There will be a cub round set up for the younger kids to shoot. The kids can walk right along with their adults on the shooting line and shoot at targets that will be placed 10 yards and closer.

What you need to start doing right away is bring you son out to the Sandhills range on friday nights (kids night). There is no cost for the kids to shoot at 3D animals and Don's Car Wash has supplied us with pizza and pop for the kids every friday night.


----------



## djleye (Nov 14, 2002)

I am a meber there. Is that going on right now????


----------



## Turner (Oct 7, 2005)

Yes it is.

I also sent you a PM.


----------



## ics400 (Oct 12, 2007)

Coming up on Thursday! See you there.


----------



## Turner (Oct 7, 2005)

Shooting starts at 6pm Thursday night.

See you guys there


----------



## Turner (Oct 7, 2005)

Just got back home from setting up the shoot, looks good and going to be a lot of fun. We have 3 of MN state birds to shoot at for our 26th target (mosquitoes). Reading all the names of the shooters from last year that had to sign our mountain brought back a few chuckles.

If you do not shoot at least come out and stand on the stage behind the shooters and whatch.


----------



## Turner (Oct 7, 2005)

Wow, we had a quite a few shooters today. People from Manitoba, Bismarck, Sioux Falls SD just to name a few areas people traveled from to attend the Sportsman Show that also participated in our 3D shoot. We now have a few new names on our mountain and some good hunting stories told.

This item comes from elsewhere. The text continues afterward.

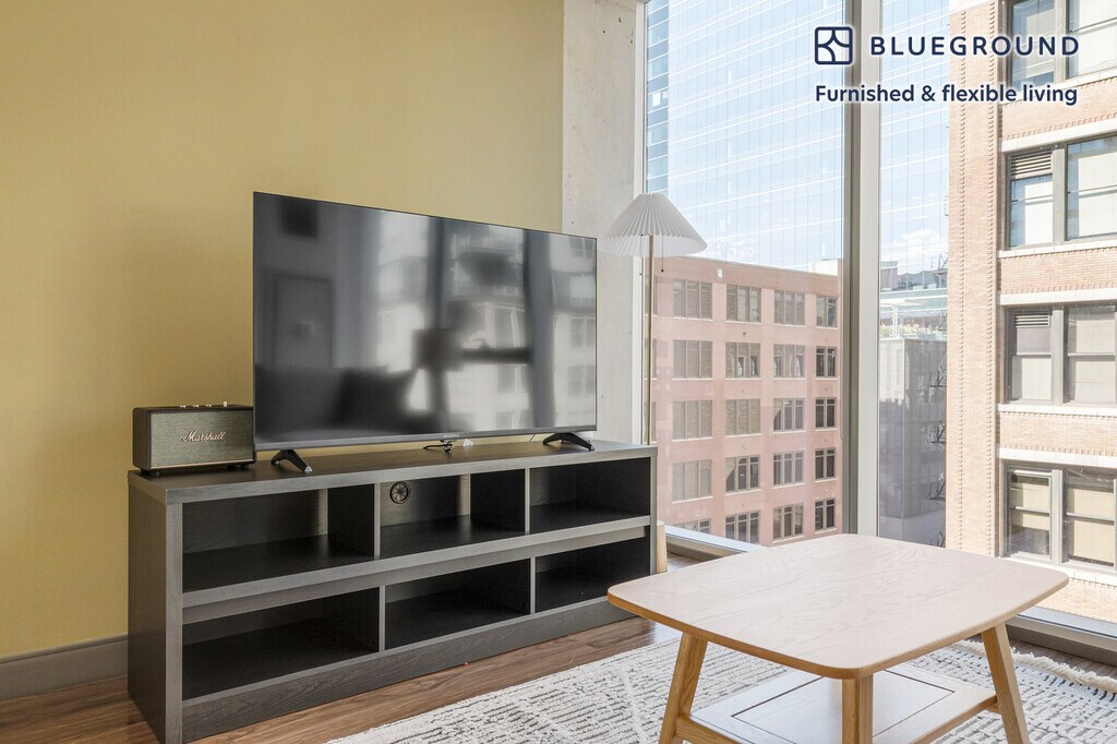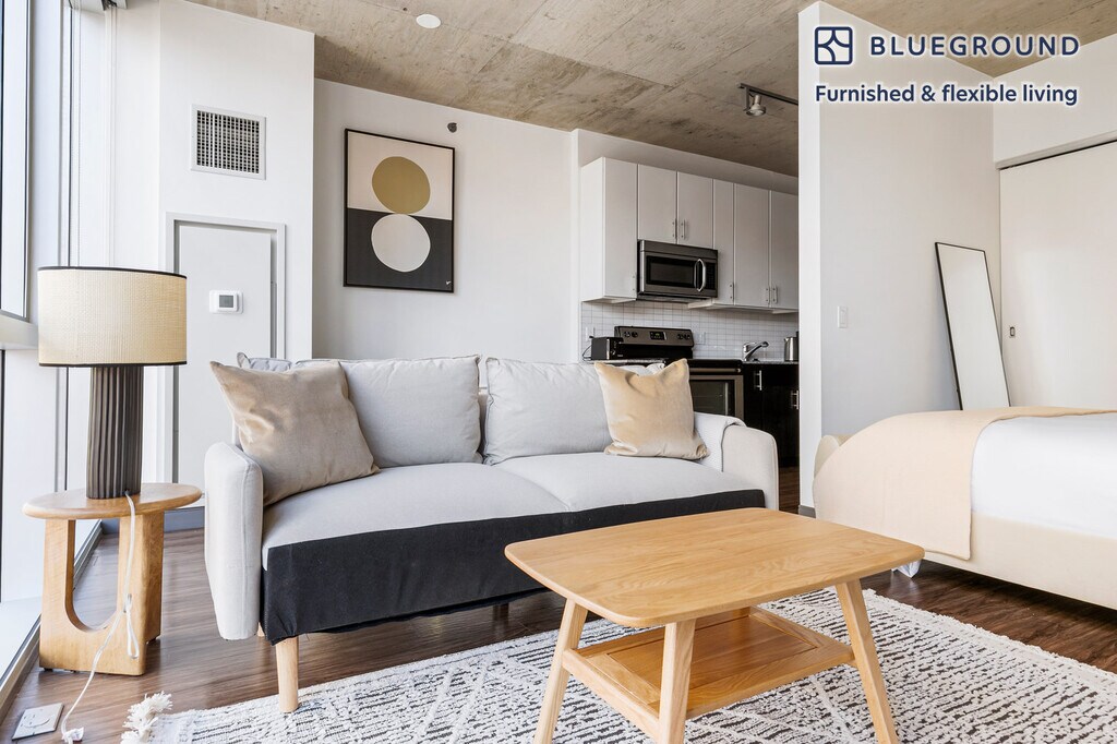 Discover the best of Chicago, with this studio apartment in West Loop Gate. It’ll be easy to simply show up and start living in this furnished apartment with its fully equipped kitchen, living room, and our dedicated, on-the-ground support. (ID #CHI1307) The advertised rate of $1,800/month is the lowest available price, based on a 1 month(s) and 17 day(s) stay with a move-in date of January 6, 2026. If you’re looking for a 1-year stay, the rate is $2,300/month. Rates vary depending on the duration of stay, season, and other parameters. For exact pricing and additional pricing components, please visit our website and enter your desired move-in and move-out dates. The rate is applicable when billed upfront; it can be higher if billed in multiple payments. Brokers are welcome to reach out. Were you looking for an unfurnished lease? Try Blueground instead and upgrade from unfurnished to furnished living: - Furnished at rates comparable to unfurnished - No setup or furniture costs - save thousands - Move-in ready - save time, just bring your suitcase Designed with you in mind Thoughtfully designed with bespoke finishes, modern furnishings, and a fully equipped kitchen, you’ll enjoy that “I’m home” feeling with this Blueground apartment. Whether you’re lounging in your stylish living room streaming the latest and greatest entertainment on the smart TV or premium wireless speaker, or getting some well-earned rest on the superior quality mattress with luxury linens, you’ll fall in love with everything this West Loop Gate apartment has to offer. This apartment also offers in-apartment laundry. Sleeping arrangements Queen Bed, 63in/160cm Amenities Building amenities unique to this studio apartment include an on-site: - BBQ Area - Doorman - Dryer - Elevator - Swimming pool - Washing machine - Pets allowed Arrival and ongoing support The entire apartment is yours to enjoy! Throughout your stay, you’ll have access to our Client Experience team through the Blueground App. You can schedule additional cleanings, submit maintenance requests, and view our neighborhood recommendations with just a few taps. We’ll share all details upon confirmation of your stay. Other things to note Building amenities may have an extra cost. This Blueground apartment has flexible lease options, allowing you to book it for one month, a year, or more. Pets are welcome, though weight limits and breed restrictions apply and may incur fees. We take great pride in ensuring every photo displayed is shot in our own units with our actual furnishings. That said, we regularly refresh our decor and furniture arrangement, which may differ from what’s pictured. [SI]

There is still tomorrow, Sunday, to shoot. The doors open at 0930hrs and the shooting begins at 1000hrs, registration will end at 1400hrs.

Thank you to all that came and shot

T


----------



## djleye (Nov 14, 2002)

Turner,

Cannot thank you enough for letting my kids shoot early on Saturday. They loved it. Also thanks for all the freebies. My son wore the hat all day on saturday (I thought it was my hat!!!! :lol: ). We will try and get hooked up this summer with your class. He just loves to shoot that bow!!!!


----------



## Turner (Oct 7, 2005)

:beer:


----------



## Springer (Dec 21, 2004)

Let us know who won. I work with a couple of guys that shot down there.


----------



## ics400 (Oct 12, 2007)

Springer,
If you go to sandhillsarchers.org and click on scores, there's a link to all the scores and divisions. I'd like to say a big thanks to all who helped put the shoot on and to all those who participated. Our goal was for everyone to have great time and share some experiences. There is aplace on the sandhills site to provide feedback. We would welcome comments on the shoot to help us improve!


----------



## joseph (Feb 22, 2008)

hey did anyone go to the tournament in volga/brookings South Dakota?


----------